To copy the data from your on-premises HDFS store to a Data Box device, you set a few things up, and then use the DistCp tool.

Follow these steps to copy data via the REST APIs of Blob/Object storage to your Data Box device. The REST API interface makes the device appear as an HDFS store to your cluster.

  1. Before you copy the data via REST, identify the security and connection primitives to connect to the REST interface on the Data Box or Data Box Heavy. Sign in to the local web UI of Data Box and go to Connect and copy page. Against the Azure storage accounts for your device, under Access settings, locate, and select REST.

    "Connect and copy" page

  2. In the Access storage account and upload data dialog, copy the Blob service endpoint and the Storage account key. From the blob service endpoint, omit the https:// and the trailing slash.

    In this case, the endpoint is: https://mystorageaccount.blob.mydataboxno.microsoftdatabox.com/. The host portion of the URI that you use is: mystorageaccount.blob.mydataboxno.microsoftdatabox.com. For an example, see how to Connect to REST over http.

    "Access storage account and upload data" dialog

  3. Add the endpoint and the Data Box or Data Box Heavy node IP address to /etc/hosts on each node.

    10.128.5.42  mystorageaccount.blob.mydataboxno.microsoftdatabox.com
    

    If you're using some other mechanism for DNS, you should ensure that the Data Box endpoint can be resolved.

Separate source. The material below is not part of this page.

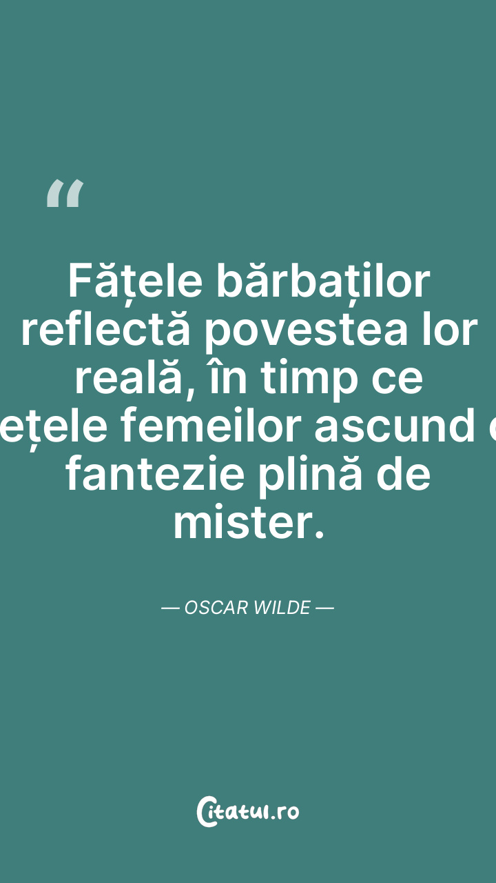 Fățele bărbaților reflectă povestea lor reală, în timp ce fețele femeilor ascund o fantezie plină de mister. Oscar Wilde

  4. Set the shell variable azjars to the location of the hadoop-azure and azure-storage jar files. You can find these files under the Hadoop installation directory.

    To determine if these files exist, use the following command: ls -l $<hadoop_install_dir>/share/hadoop/tools/lib/ | grep azure. Replace the <hadoop_install_dir> placeholder with the path to the directory where you've installed Hadoop. Be sure to use fully qualified paths.

    Examples:

    azjars=$hadoop_install_dir/share/hadoop/tools/lib/hadoop-azure-2.6.0-cdh5.14.0.jar azjars=$azjars,$hadoop_install_dir/share/hadoop/tools/lib/microsoft-windowsazure-storage-sdk-0.6.0.jar

  5. Create the storage container that you want to use for data copy. You should also specify a destination directory as part of this command. This could be a dummy destination directory at this point.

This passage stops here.